Leptocybe invasa case study#

This page contains the results of a case study into Leptocybe invasa, using the MaxEnt species distribution modelling technique. The plots show historic, projected future, and the projected change in relative occurrence probability (ROP). An ROP of 1 is the most favourable set of environmental conditions for a species, while an ROP of 0 is the least favourable. Details on the settings used in the modelling can be found in the description at the bottom of the page.

Location data#

Historic relative occurrence of probability#

Future relative occurrence of probability#

Change in relative occurrence of probability#

Model assumptions and references#

A. Assumptions

  1. Data Quality and Bias Assumptions
    1.1 Spatial Sampling Bias
    • Assumption: Occurrence records are spatially biased, with oversampling in easily accessible areas (roads, urban areas, research stations) and undersampling in remote regions.
    • Justification: This is a well-documented issue in biodiversity databases (GBIF, CABI) where sampling effort is not uniform across geographic space.
    • Mitigation: The weighted MaxEnt approach uses distance-based weighting to reduce the influence of clustered occurrence points, giving higher weight to isolated records that may represent true species presence in less-sampled areas.

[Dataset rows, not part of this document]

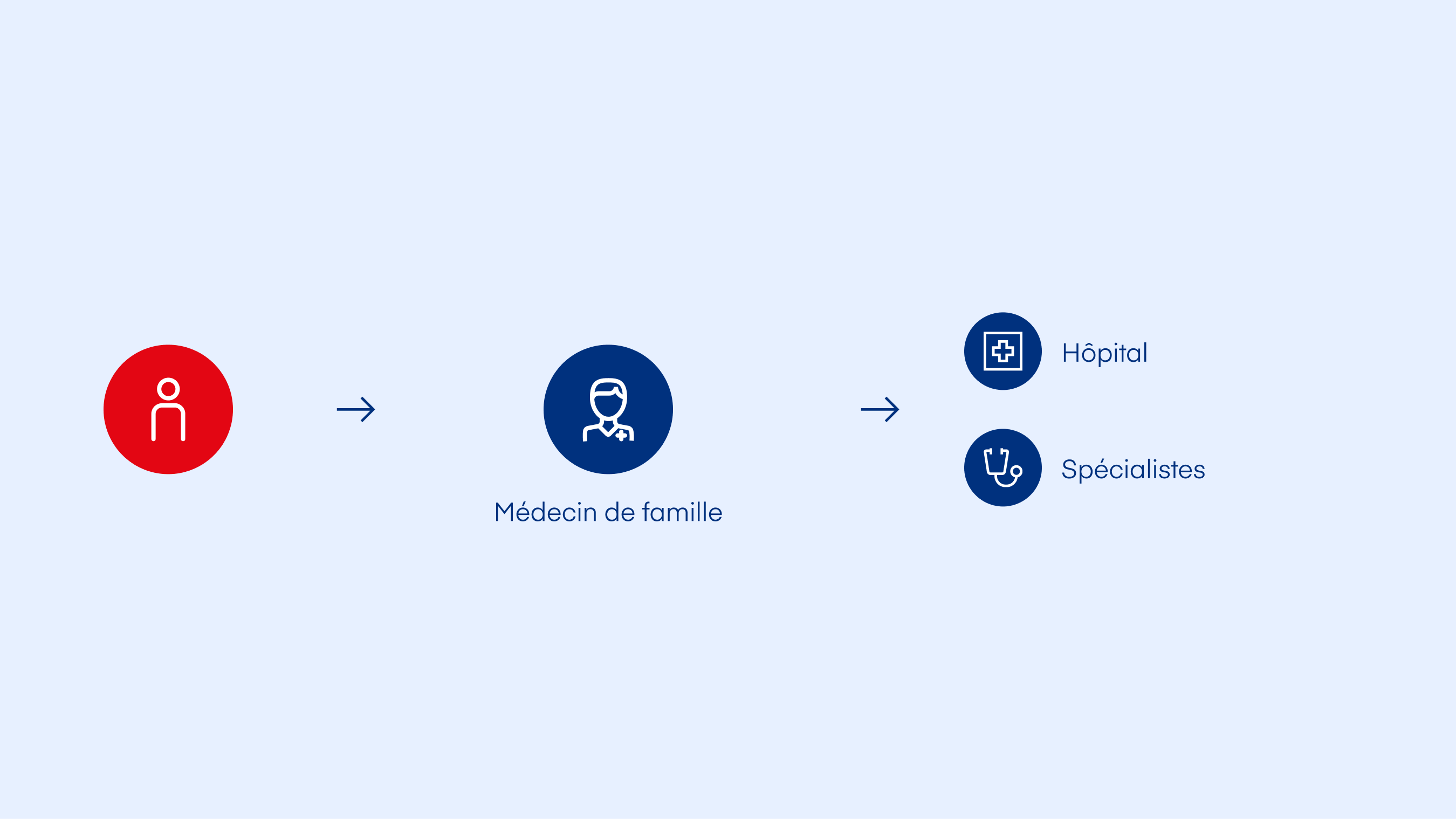 Pour toutes vos demandes médicales, vous vous adressez à votre médecin de famille. Vous ne pouvez consulter d'autres fournisseurs de prestations, en particulier des spécialistes, que si vous êtes redirigé/e par votre médecin de famille.
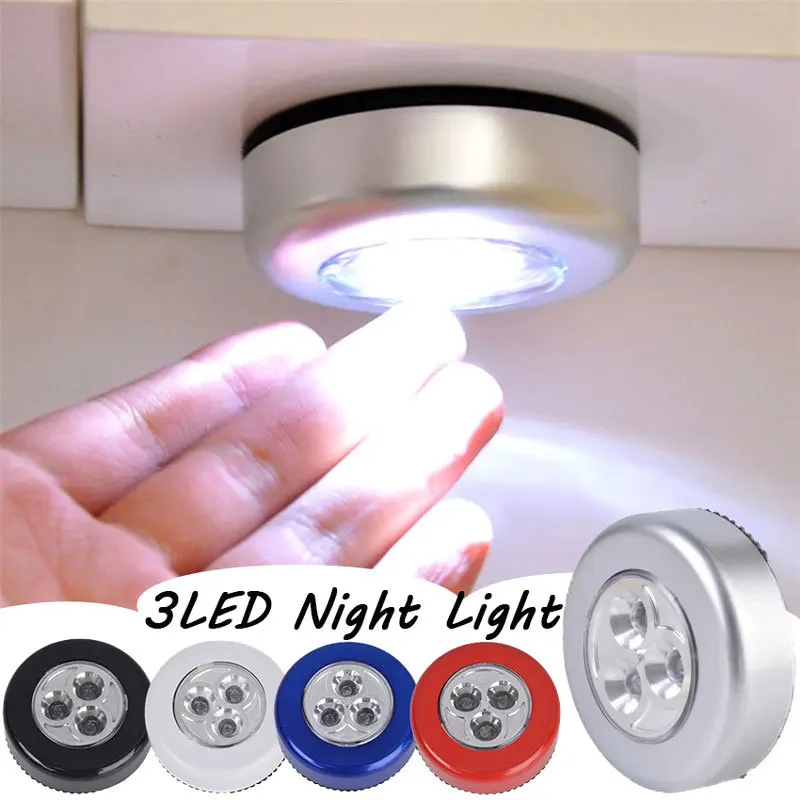 Сенсорный светильник с 3 светодиодами, лампа с нажимным краном для шкафа, кухни, спальни, гардероба, беспроводная Ночная лампа с питанием от батарейки
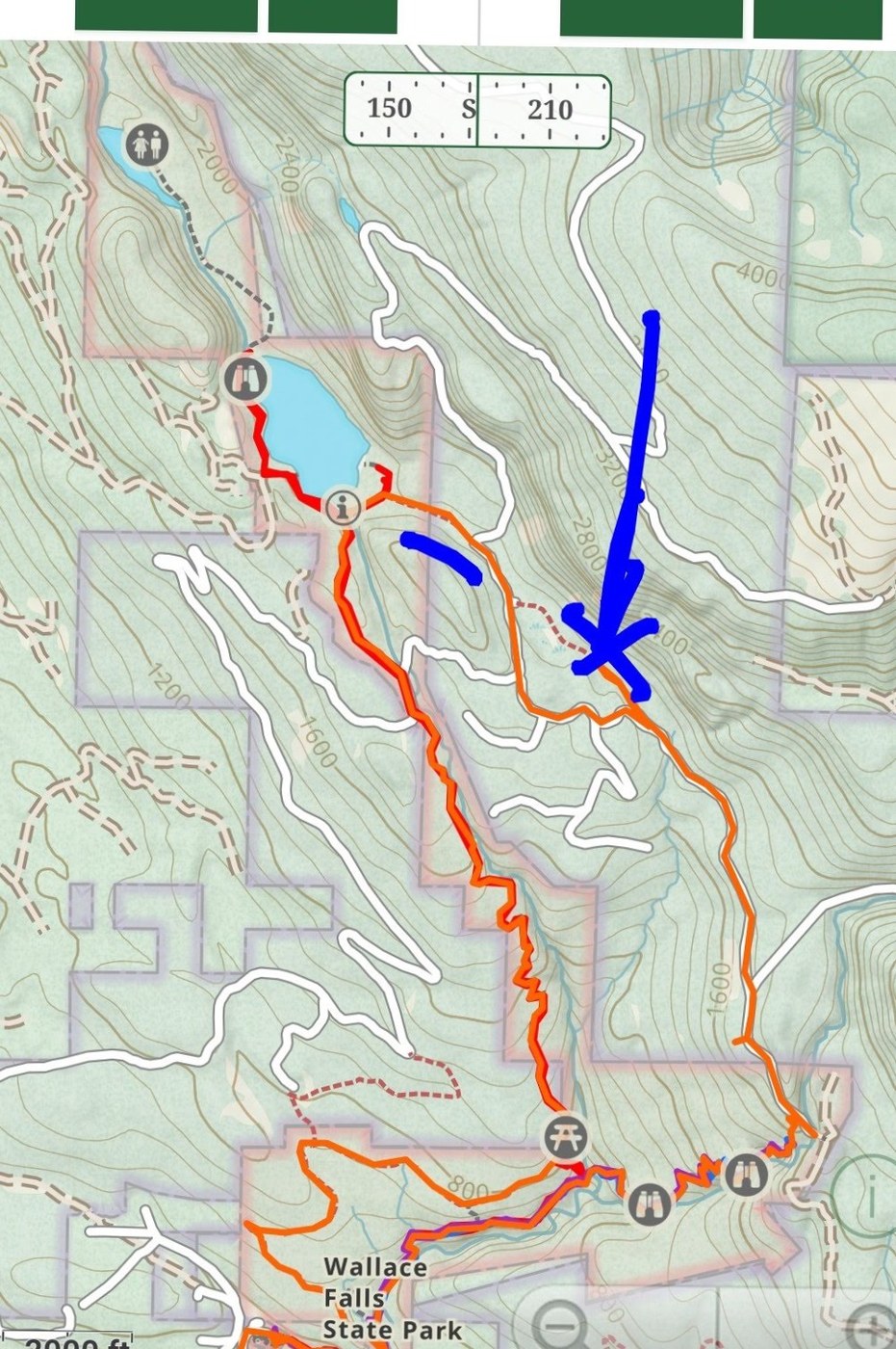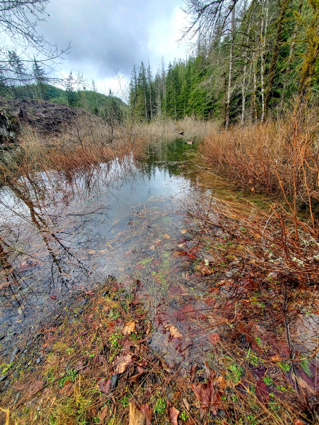 This falls to lake Loop hike offers lots of scenery, adventure, and views! Hiked counter-clockwise. WARNING: trail flooded and impassable along the DNR road about 4.5 miles from trailhead. It's actually a bit of trail leading from the DNR road to go around the last logging op. Looking at my Gaia map I see a marshy area (also on All Trails) and it's very pond like now. See blue line/X in Picture 1 and visual in #2. Easy to backtrack and take the DNR road to continue on to the lake, passing and ignoring the 'no hikers' sign. WOW great views of waterfalls from the ridge above.
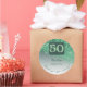 They feature Chic Falling Green Glitter on Green gradient with shiny Stars. On top, the gold and green glitter Birthday Number 50 announces the theme of today’s party the celebration of her Fifty Birthday.
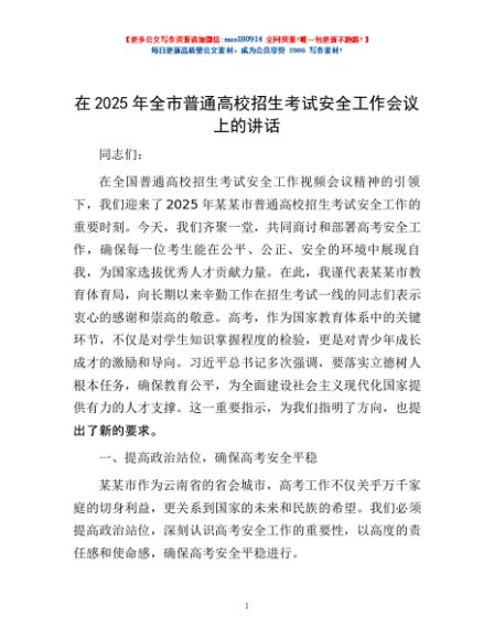 / 在2025年全市普通高校招生考试安全工作会议上的讲话
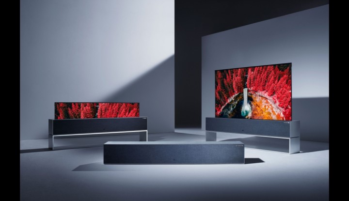 Első blikkre az alkalmatosság tulajdonképpen egy mozivászon és egy békebeli redőny inverzének szerelemgyereke is lehetne, ami csak úgy mellékesen az LG második generációs Alpha 9-es intelligens processzorával van ellátva, amely támogatja az Amazon Alexáját csak úgy, mint a Google Assistant-et.

    1.2 Temporal Sampling Bias
    • Assumption: Recent occurrence records are more reliable and representative of current species distribution than historical records, which may reflect outdated distribution patterns or misidentifications.
    • Justification: Species distributions change over time due to climate change, human activities, and range expansions. Older records may not reflect current suitable habitats.
    • Mitigation: Temporal weighting is implemented to give higher weight to more recent occurrence records, though the current implementation primarily uses distance-based weighting.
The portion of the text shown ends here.